A verbatim repeat of the lines below is required, with the pictures removed.

RECORDED DATA:
════════════════

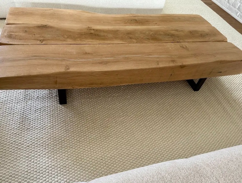 Cette belle table basse en poutres de chêne est la table idéale pour un salon design et contemporain. Il s’agit d’une composition de poutres de chêne, associées à des pieds métalliques pour un rendu tendance.
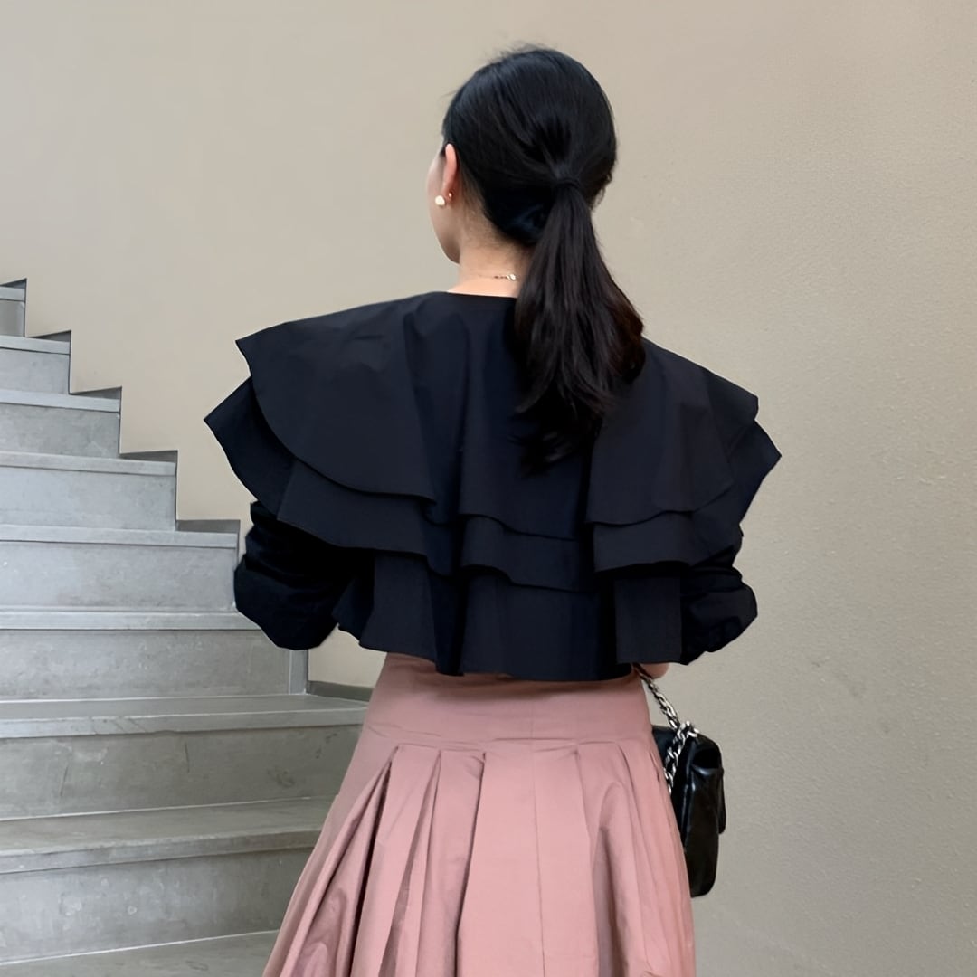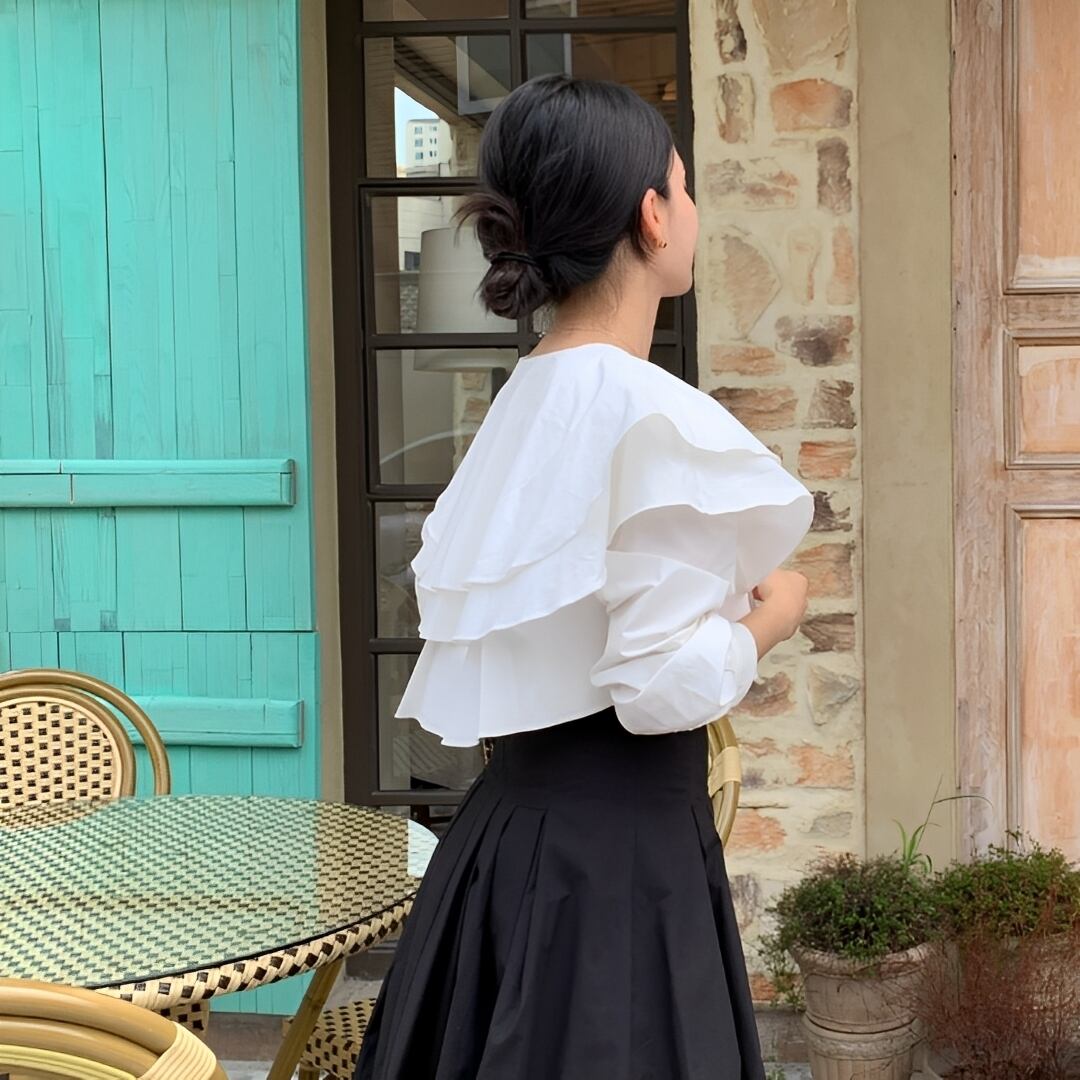 大胆にあしらわれたダブルフリルが顔まわりを華やかに演出し、女性らしい上品なシルエットを叶えます。
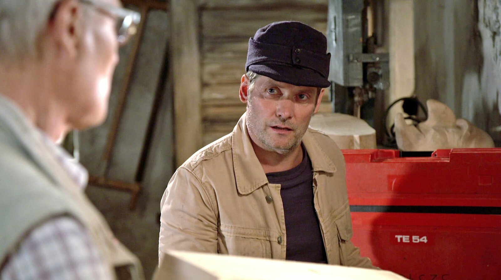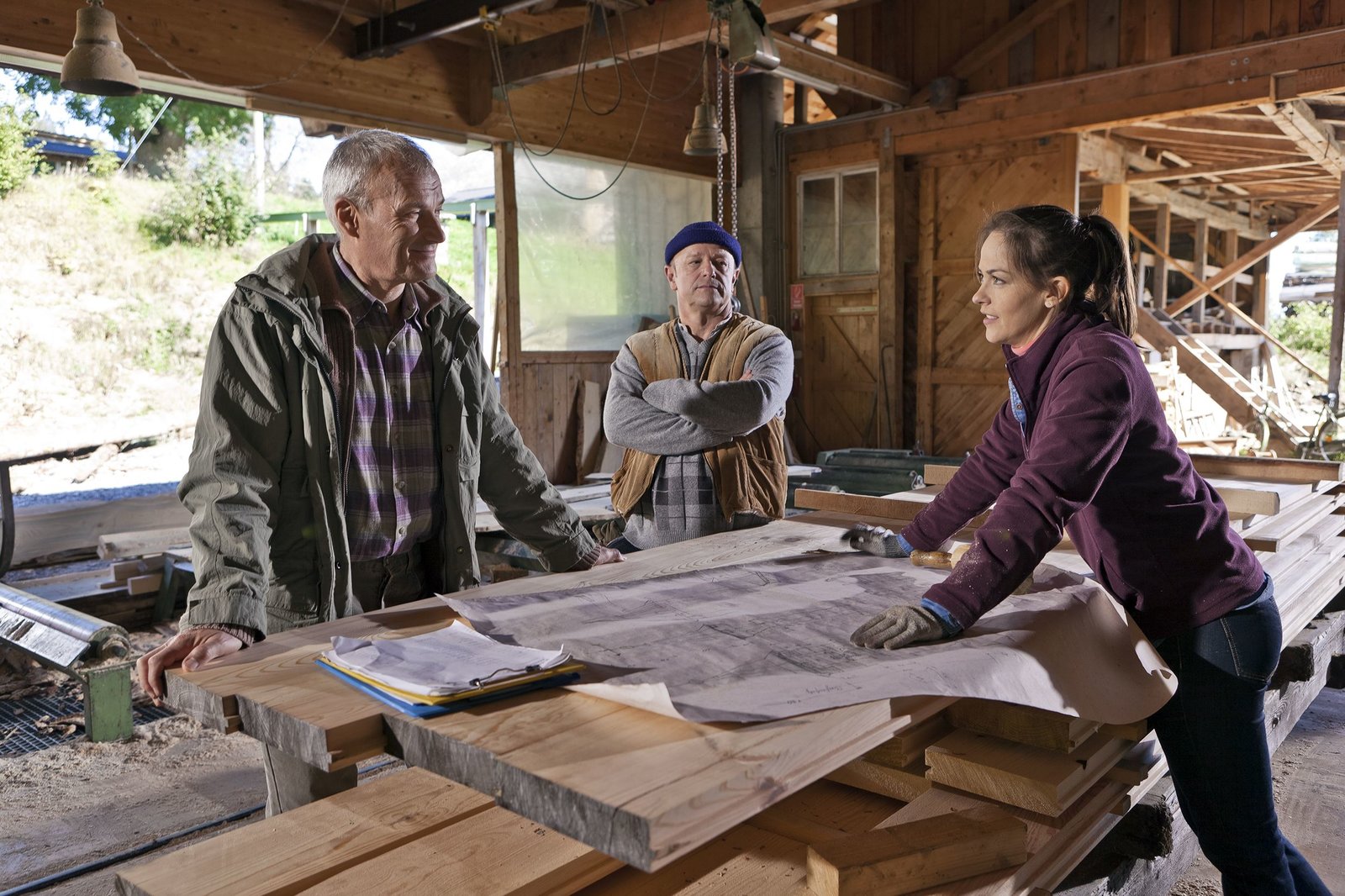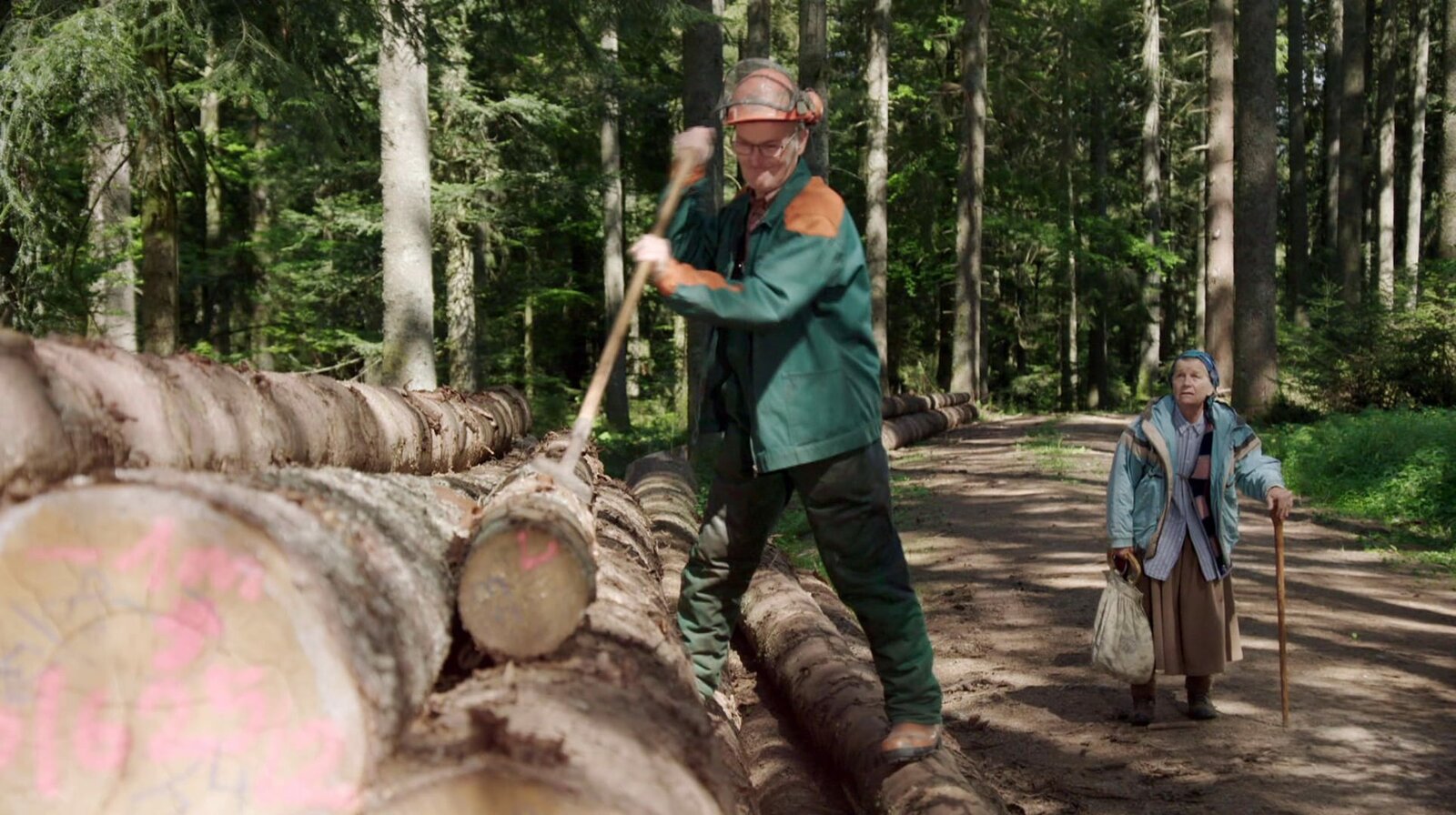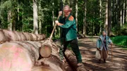 Eine Menge HolzLioba Weber (Lisbeth Felder, re.) kann’s nicht lassen, an Karl Faller (Peter Schell, li.) herumzukritteln, während der in seinem Wald alles tut, um gegen den Borkenkäfer anzukämpfen.Bild: © SWR

════════════════

RESULT FOR THIS EXERCISE:
 Cette belle table basse en poutres de chêne est la table idéale pour un salon design et contemporain. Il s’agit d’une composition de poutres de chêne, associées à des pieds métalliques pour un rendu tendance.
 大胆にあしらわれたダブルフリルが顔まわりを華やかに演出し、女性らしい上品なシルエットを叶えます。
 Eine Menge HolzLioba Weber (Lisbeth Felder, re.) kann’s nicht lassen, an Karl Faller (Peter Schell, li.) herumzukritteln, während der in seinem Wald alles tut, um gegen den Borkenkäfer anzukämpfen.Bild: © SWR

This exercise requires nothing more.